Am sinnvollsten ist natürlich für die kühlere Jahreszeit ohne Frage ein vernünftiger Winterschuh mit Goretex oder ähnlicher Membran. Damit fährt man am besten, weil sowohl Kälte als auch Nässe ganz draußen bleiben. Was man bspw. mit den SealSkinz ja nicht erreicht, wie ein Vorredner schon bestätigt hat.


----------



## beetle (11. Oktober 2011)

Wieso probierst du es dann nicht mal einfach mit Wollsocken?


----------



## Raumfahrer (12. Oktober 2011)

Allein auf die Merinowollsocken würde ich mich im Winter nicht verlassen. 
Neoprenüberschuhe halten Regen und Schneematsch recht gut ab. Mir war die Handhabe aber etwas zu umständlich. Bei häufigem Gehen halten sie aber auch nicht unbedingt lange. 
Ich habe von Shimano die SH-MW80 mit Goretex.Durch eine Neoprenmanschette oben kann keine Feuchtigkeit über den Schaft in den Schuh eindringen. Eine,wie ich finde,gelungene Konstruktion. Bei echten Minustemperaturen kommt der Schuh aber auch an seine Grenzen,auch mit Wollsocken.
Auch ist er nicht für Flatpedal. 
Vielleicht wären Wanderstiefel geeignet?


----------



## MTB-News.de




----------



## MerinoWolfgang (25. Juni 2015)

Ich verwende auch sehr gerne Merino Socken. Die Eigenschaften von Merinowolle sind einfach klasse.

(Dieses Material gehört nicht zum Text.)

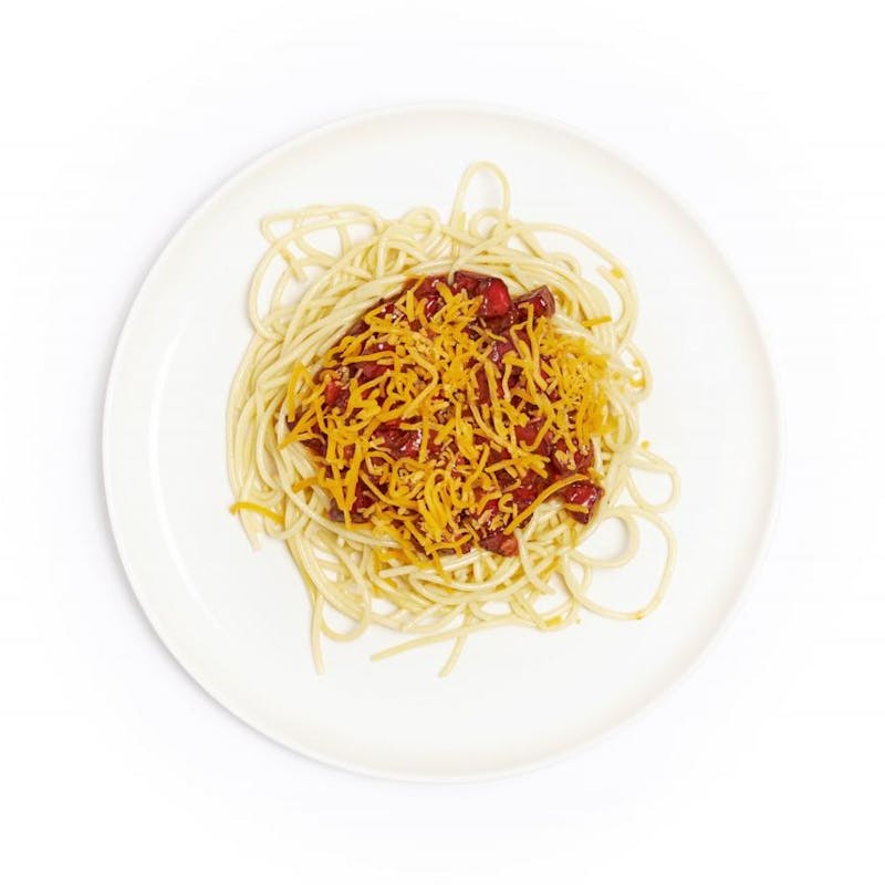 Ground Beef, Tomato Sauce, Spaghetti, Longanisa Pork Sausage, Ketchup, Tomato Paste, Onion, Mild Cheddar Cheese, Red Bell Pepper, Garlic, Extra Virgin Olive Oil, Sugar, Crushed Red Pepper, Kosher Salt

Hier meine Erfahrung dazu.


----------



## Alumini (25. Juni 2015)

Für milde Temperaturen bis um 10/15° kann ich die Rose Winter PLUS empfehlen, die trage ich eigentlich durchgehend und auch auf dem Renner, da ich in den Rennschuhen schon bei ca. 15° aufgrund des Fahrtwinds immer eiskalte Zehen kriege. Mit den Socken werden sie "nur" kalt (2-3 Stunden fahrt). Bei längeren Fahrten oder niedrigeren Temperaturen geht da ohne Neoprenies eigentlich nix bei mir.

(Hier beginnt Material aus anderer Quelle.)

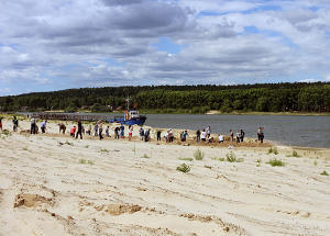 Жители трех поселков - Займище, Октябрьский и Щурячье дружно вышли с лопатами, чтобы раскопать засыпанный берег Волги. Люди рассказывают, что раньше в этом месте был пролив. Сейчас на 200 метров вдоль берега простираются пески. Активисты намерены раскопать протоку, чтобы вода начала протекать поперек «острова» и так можно было избежать застоя вод.

Auf dem MTB trage ich wenn's noch kälter wird auch dicke Skisocken in 5/10 Freeridern.


----------



## IndianaWalross (26. Juni 2015)

Lustig wie sich das Temperaturempfinden so unterscheidet  
Trage so bis maximal 15°C auf dem Renner Söckchen und Castelli Toe Thingy's. Kälter? > Rose Merino Socken mit 21% und erst ab 5°C und drunter die Rose Winter Plus - und da dann eh mit Winterschuhen.


----------



## Baitman (26. Juni 2015)

@ MerinoWolfgang:

Was ist eigentlich deine Intension alle ollen Merinothemen rauszukramen und auf deine Seite zu verweisen?


----------



## Alumini (26. Juni 2015)

IndianaWalross schrieb:


> Lustig wie sich das Temperaturempfinden so unterscheidet


Jo. Die Zehen (eigentlich: der große Zeh) werden mir sofort kalt und dann friere ich. Am restlichen Körper bin ich nicht so empfindsam. Ist schon immer so bei mir, bräuchte bspw. auch im Winter nur Socken statt Bettdecke und Pyjama, mir wär immer warm. Die normalen MTB Merino von Rose hab ich daher direkt übersprungen.


----------



## duc-mo (28. Juni 2015)

Baitman schrieb:


> @ MerinoWolfgang:
> 
> Was ist eigentlich deine Intension alle ollen Merinothemen rauszukramen und auf deine Seite zu verweisen?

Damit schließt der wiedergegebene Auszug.